Некоторое время спустя Олега и тех двоих отвели в небольшой сарай, на полу которого было навалено сено, и закрыли входную дверь на ключ. Через час, когда задержанные успели познакомиться и кратко рассказать каждый о себе, принесли какую-то кашу, по куску хлеба и полуторалитровую бутылку теплой воды.
Тогда и потом кормили довольно скудно. За трое суток ничегонеделанья Олег и его товарищи по несчастью, Христо и Янек, болгарин и поляк, работавшие неподалеку от Менонге в интернациональной бригаде геодезистов, чтобы хоть как-то развеять тоску и скрасить чувство безысходности, рассказали друг другу про себя все, что могли. Хотя биографии их мало чем различались, разве только тем, что Олег отучился в инязе, а болгарин и поляк, лет за семь до него, каждый в своем геологоразведочном. В остальном же «братушки», как, например, болгары и советские иногда называли себя в знак вековой нерушимой дружбы, проходили через одни и те же этапы становления личности строителя коммунизма: детский сад, школа, пионерия, комсомол, «профсоюзы – школа коммунизма», «партия – наш рулевой» и прочие, неотделимые от повседневной жизни молодого человека из семидесятых. Олег выяснил даже, что болгары и поляки, как, впрочем, румыны, ГДР-овцы, те же кубинцы и, конечно, наши родные «совграждане», за границей, где им была запрещена партийная и всякая прочая идеологическая деятельность, тем не менее не переставали быть действующими членами компартии или Союза коммунистической молодежи. Они так же продолжали сдавать членские взносы и участвовать в нудных собраниях, коллективно изучать материалы своих партийных съездов и речи их похожих один на другого престарелых лидеров, брать на себя повышенные производственные обязательства и так далее. Только партийная ячейка, для отвода любопытных и слишком навязчивых вражеских глаз, у них здесь именовалась «профсоюзной», ну а комсомольская – организацией «физкультурников»…

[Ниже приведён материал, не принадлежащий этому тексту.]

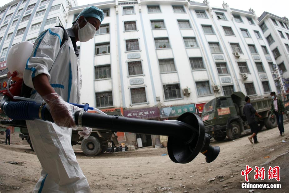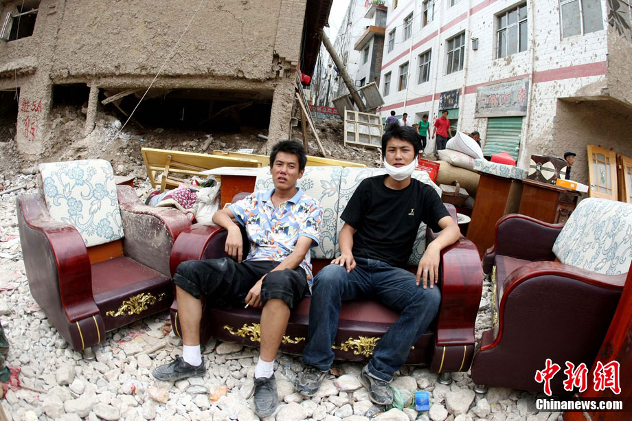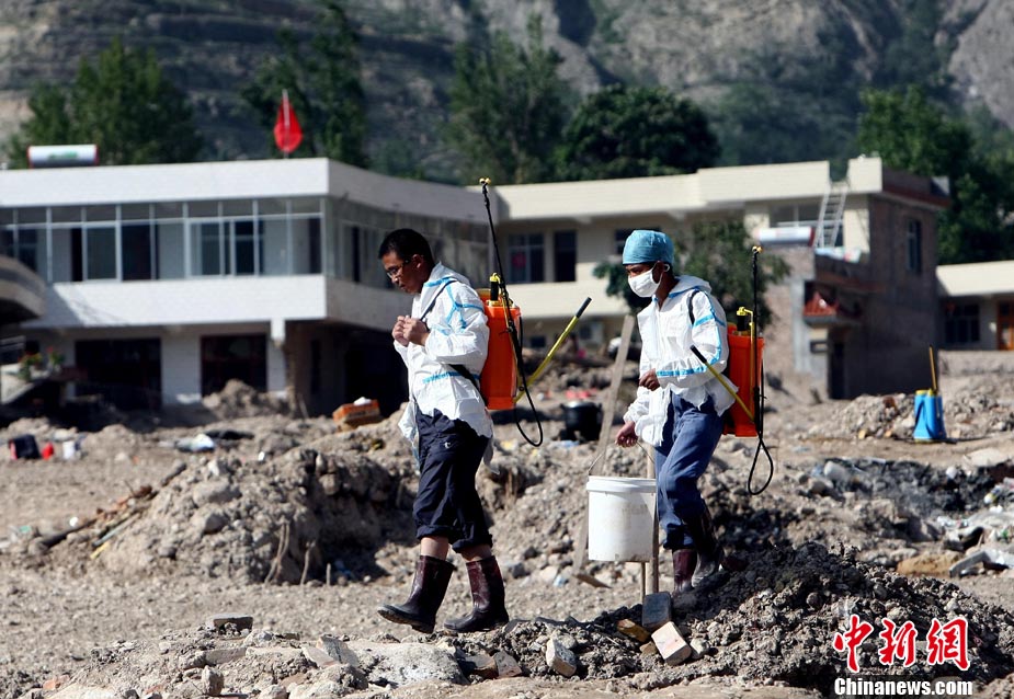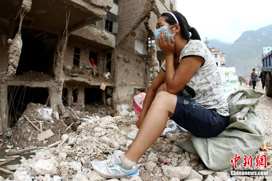 8月16日,甘肅舟曲泥石流災區,一歲大的女孩楊歡(左)、樂樂坐在臺階上,戴著大大口罩等待家人,楊歡的媽媽在這次特大泥石流災害中不幸遇難。目前,舟曲災區衛生防疫工作在不斷加強,防疫人員每天至少對安置點進行1次全面消毒、殺蟲。對于食堂、垃圾場等重點部位每天至少消毒殺菌3次以上。 中新社發 杜洋 攝

В одну из ночей охранники привели в их барак португальца, на вид лет тридцати пяти-сорока, в фапловской униформе цвета хаки и высоких, видавших виды португальских армейских ботинках. Когда солдаты заводили его в их приспособленный под тюремную камеру сарай, он громко возмущался и обещал посадить своих пленителей в карцер, а потом повесить на дереве вниз головой, кричал, что, в отличие от них, молокососов, он воюет с МПЛА уже больше десяти лет. Охранники, кое-как освободившись от скандального европейца и от собственных попыток его успокоить, на удивление, вели себя с пленником довольно предупредительно, пообещав, что утром появится начальство, и все выяснится.
– Matumbos, foda-se!
[24] – Португалец наградил унитовцев очередным, явно не первым и далеко не последним нелестным определением, достал из кармана пачку «Português Suave», чиркнул спичкой и глубоко затянулся ароматным дымом, тут же заполнившим унылое и затхлое окружающее пространство. Легким кивком головы он поприветствовал внимательно глядевшие на него из темноты барака три пары встревоженных глаз и присел на свободную копну соломы рядом с Олегом:
– Педру Инáсиу де Фигейреду, наемник и убийца. «Солдат удачи», если вам так угодно.
– Олег Хайдаров, – решил он воздержаться от непривычного отчества, – переводчик экипажа АН-12 советской гражданской авиакомпании «Аэрофлот», – чуть дрогнув голосом, представился в ответ Олег, назвав заодно и имена внезапно примолкших Христо и Янека.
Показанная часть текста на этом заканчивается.